Exploring the CoreCLR Inside Silverlight
Brandon Bray gave an interesting presentation at MIX09 on how the CLR (the execution engine that underlies the .NET Framework) was refactored to support for Silverlight; I thought I’d share my distilled notes from the session.
Bringing .NET to the Silverlight world was an obvious choice. Not only does it have a broad community and powerful tools ecosystem, but the CLR also offers many important and useful features for building RIAs: strong type safety, partial trust security verification and AppDomains (providing isolation for multiple applications within a single process). But the existing .NET Framework is specific to Windows, and has grown too large for deployment in a web runtime where every byte counts. So it was necessary to rework the CLR to be optimized for this purpose.
CLR Size Reductions
Looking at the .NET architecture, it was designed to support many different scenarios across client and server, including profiling and debugging, just-in-time compilation, and so on. For Silverlight, we just needed to focus on one scenario: interactive client applications. Silverlight contains “CoreCLR”, a cut down version built from the same sources that runs side-by-side with the full .NET CLR. CoreCLR is just 2MB in size. It’s worth noting in passing that CoreCLR is also embedded within other Microsoft technologies, most notably Live Mesh.

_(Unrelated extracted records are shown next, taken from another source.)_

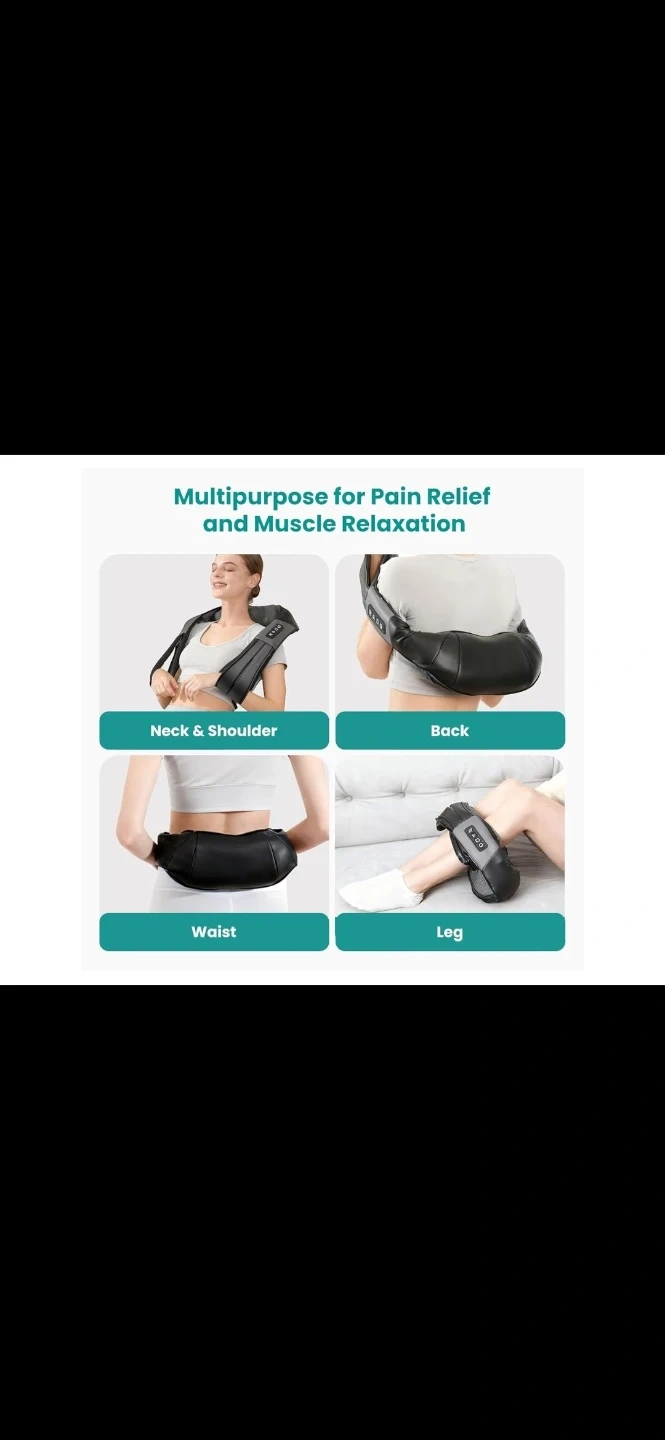 This is a Nekteck shiatsu neck massager. It offers deep tissue, 3D kneading massage for pain relief. It's suitable for neck, shoulder, back, waist, and leg muscle relaxation. The massager features heat and can be used in a car or at home.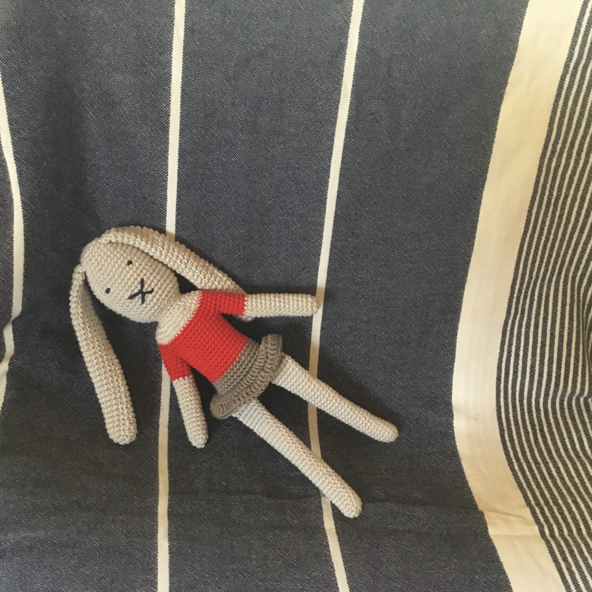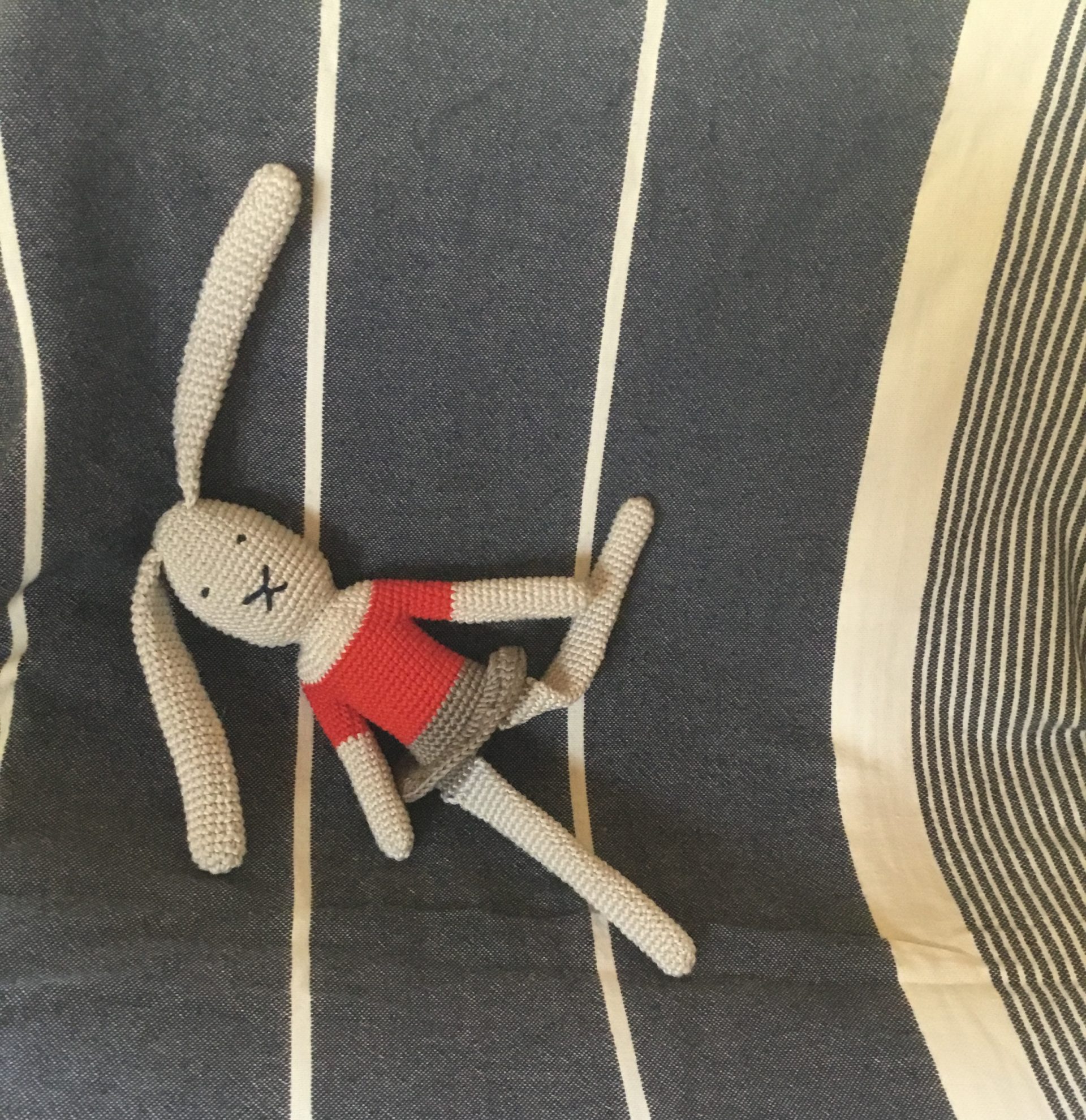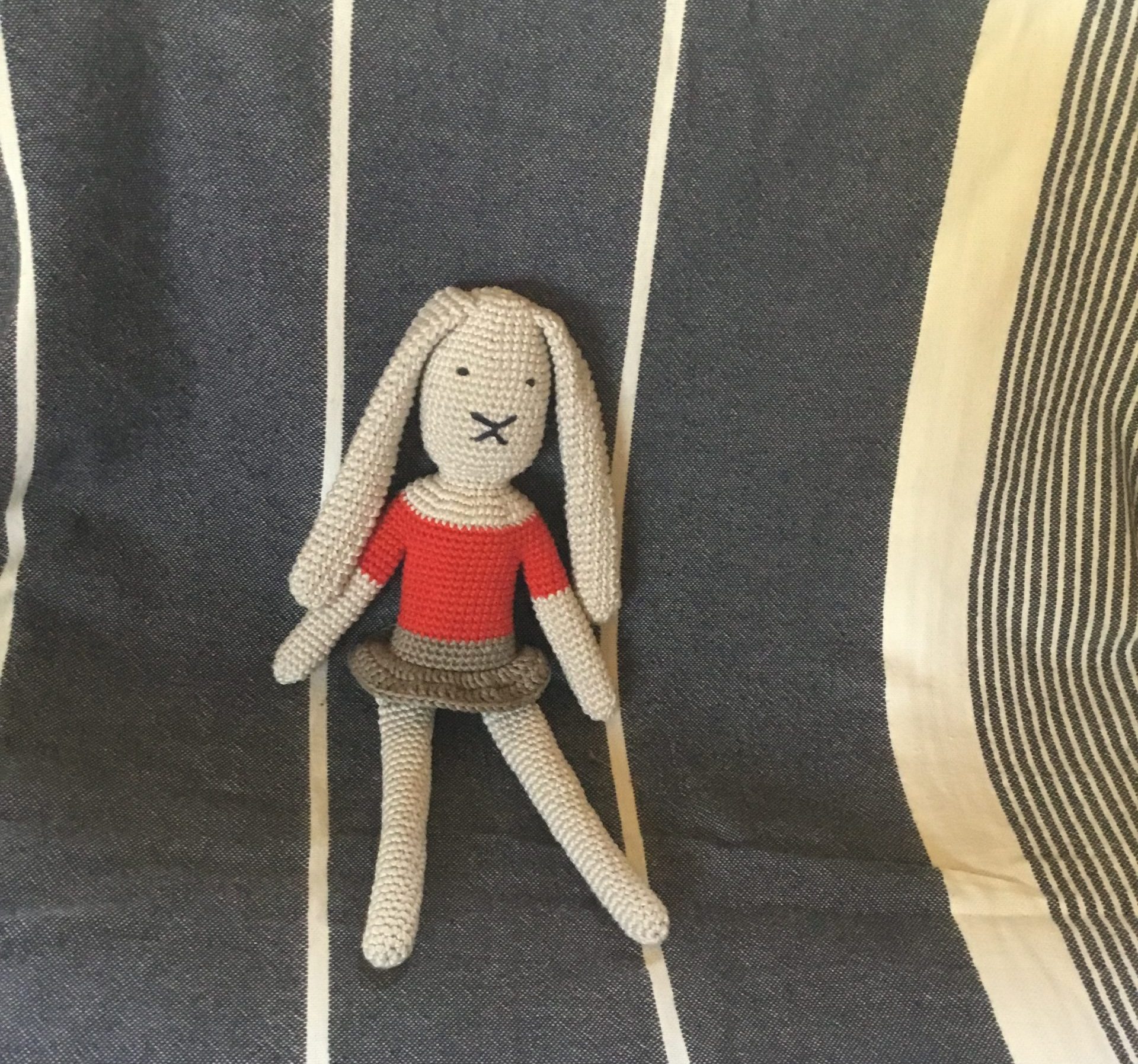 Cette jeune lapine a enfilée sa mini jupette. Ses oreilles se confondent avec une longue chevelure. Elle est tricotée à la main bien sûr, en fil 100 % coton. Coloris : gris clair - rouge - gris foncé. Nul doute qu'elle ravira une petite fille ou un petit garçon.
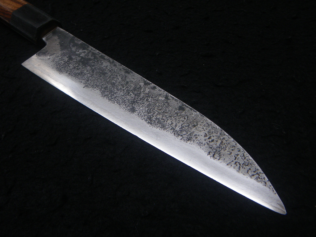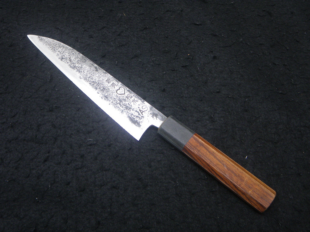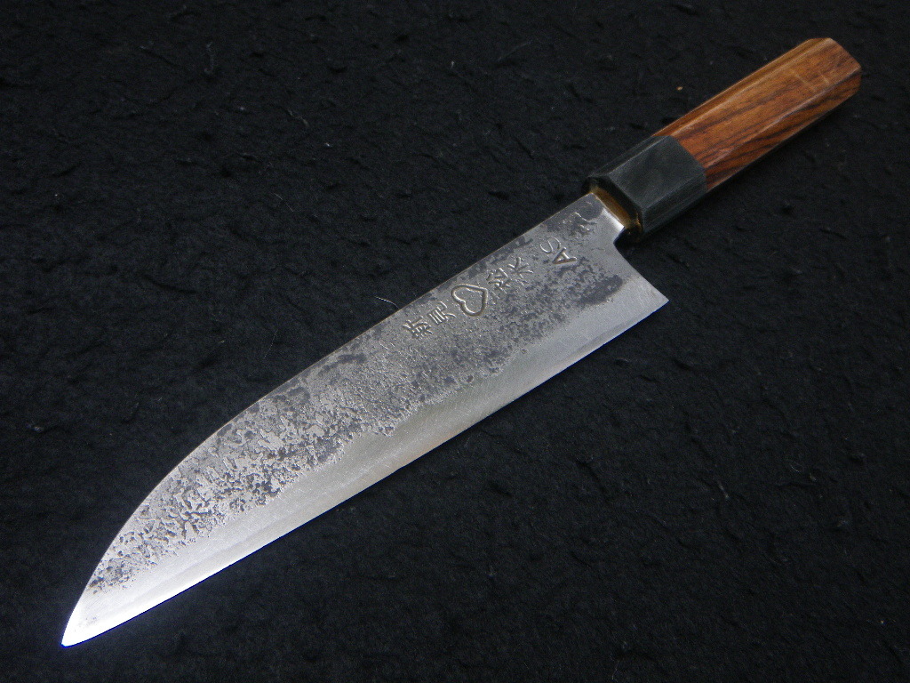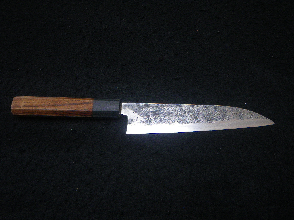 刃毀ジャンク 159㎜ 黒打 両刃 和式万能型 三徳庖丁 薄刃包丁 水牛八角柄 日本製 Japan kitchenknife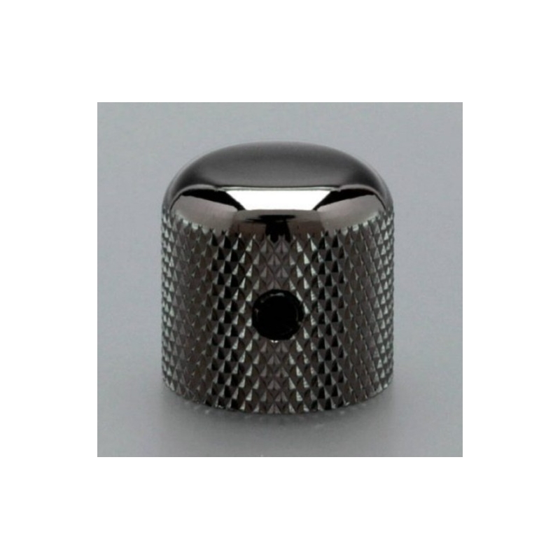 Botón Domo color Cosmo Black marca Gotoh de alta calidad, metálico de moleteado fino. Tradicional en las guitarras Telecaster y Bajos Fender, pero también usado en muchas otras guitarras, bajos y Steel guitars. Mide 18x 18 mm. Para poste de 6 mm. Incluye tornillo para fijarlo.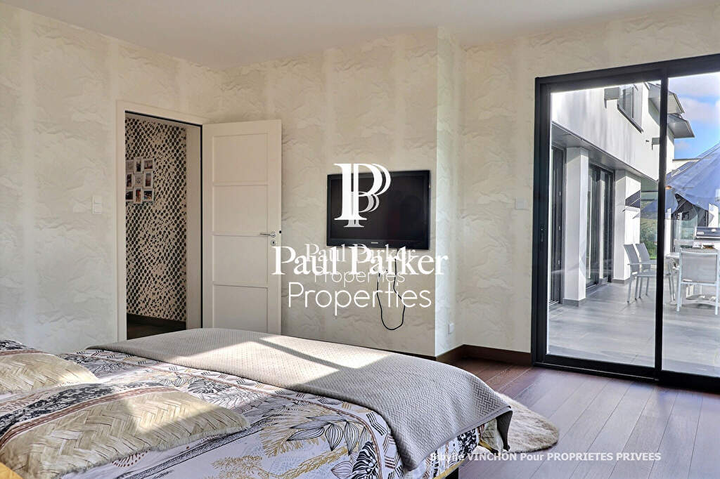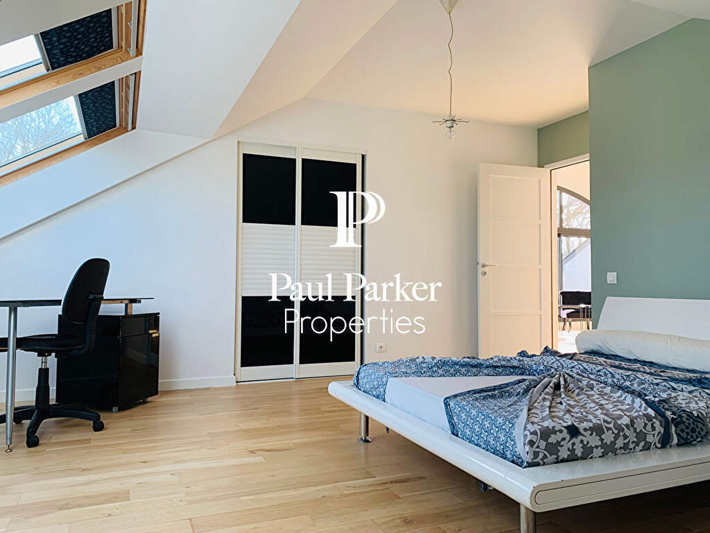 Au rez-de-chaussée, la suite parentale offre une véritable bulle d’intimité : chambre spacieuse avec vue sur le jardin, salle d’eau élégante, toilettes privées, dressing sur mesure et bureau attenant. Tout est pensé pour le confort et la sérénité.
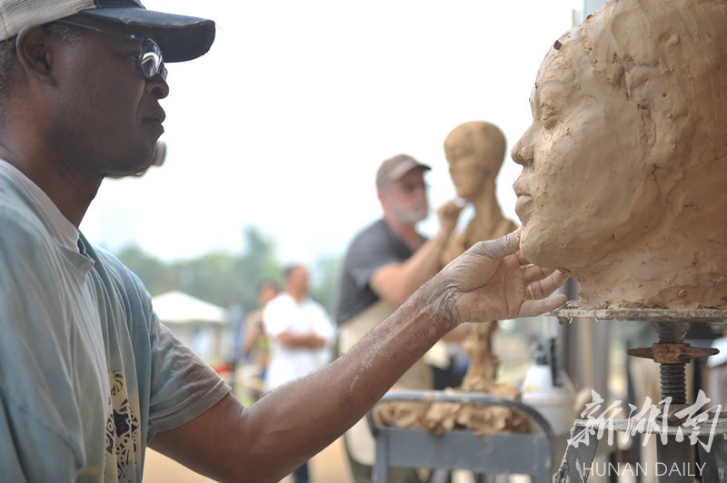 活动现场,纳姆迪·奥孔库沃、约翰·费歇尔、理查德·麦克尼尔等7名来自美国、加拿大、尼日利亚等国家的雕塑家们一字排开,一边细细观察着模特们的面部特征,一边调整着手中塑像的形状。他们的手指好像有神奇的魔力一般,普通的泥巴块经他们手一捏一揉一敲,就变成了栩栩如生的塑像,让现场的观众们大开眼界。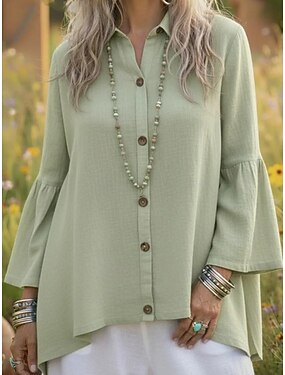 Per donna Blusa Bottoni Tinta unica Elegante Casual Manica 3/4 Scollo a V Top Regolari Quotidiano Bianco Verde chiaro Blu marino Marrone Albicocca Estate Primavera Autunno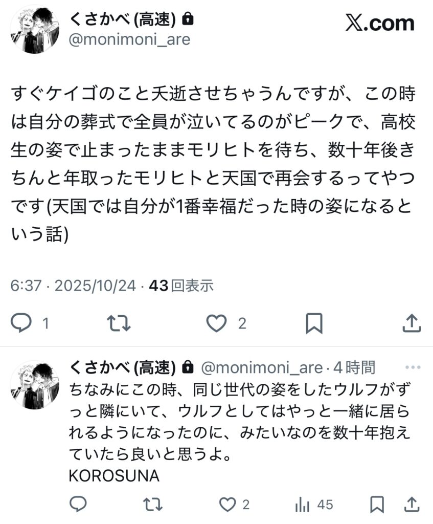 基本的に私は誰に対しても平等に雑食に対してキレ散らかすので、今回も例に漏れずキレていたのですが、笑って受け入れて頂けて良かったです。笑ってるんじゃないよ、こちとら命懸けなんだよ(非実在青少年を勝手につがわせてまぐあわせた上で性器の挿入方向について命を懸けるのやめた方がいいよ)

Some compromises that could be made to trim the size of the CLR right down:
- We don’t need to support full-trust applications; applications downloaded from the web are always partial trust.
- We don’t need interoperability with native or COM code.
- The versioning model is simpler: we only need one runtime at a time (we don’t need to ship older versions)
- CoreCLR can only be activated through a host (the Silverlight control): it doesn’t need to be activated through an executable or a COM object.
The Silverlight architecture is fundamentally the same: the same architectural boxes are present (albeit the surface area is much smaller in each case), with the exception of NGEN and profiling API support. The JIT does a minimum of optimization to improve startup time and reduce code size. The server-optimized garbage collector is removed, since it isn’t required; the reflection engine is substantially reduced, and Silverlight relies on the underlying operating system for collation string tables that are already standardized.
But that wasn’t enough. To get the CoreCLR down to its target size of 2MB, a good proportion of the size savings had to come from the base class library. CoreCLR includes a subset of the base class library called Small BCL. As with the rest of CoreCLR, Small BCL is built from the same source code as the full .NET BCL.
CoreCLR Security Model
One other area that has contributed significant code size savings is the notion of transparent libraries. The full desktop .NET supports Code Access Security, a very rich but complex security model. The CoreCLR security model makes reasoning about security much easier. There are three layers of code:
- SecurityCritical code: this is code that has full trust (for example, accessing native code through P/Invoke or changing an application’s global state). It also trusts any code that calls it, but can only be accessed by SafeCritical code.
- SafeCritical code is the bridge between SecurityCritical code and the outside world; it should always verify the input from any code that calls it.
- Transparent code is the code that can call into SafeCritical APIs in the Silverlight runtime. This is the only layer that can exist outside of the Silverlight runtime.
Along with the transparent code that a developer compiles into a XAP, the same concept is used for other libraries like LINQ and the DLR as well as many controls; this means that they don’t need to be installed as part of the Silverlight runtime itself but can be downloaded on-demand as part of the application download on request. In Silverlight 3, transparent libraries can be cached so they only have to be downloaded once.
In one critical way the CoreCLR in Silverlight has to do more than the full .NET CLR: it has to run on Mac OS as well as Windows. This is implemented through a Platform Abstraction Layer (PAL), based on the work done some years ago for a research project called Rotor. The PAL can be fairly simple because Silverlight only needs to support the x86 instruction set. Again, this is checked into the main CLR codebase, but is only required for the CoreCLR implementation.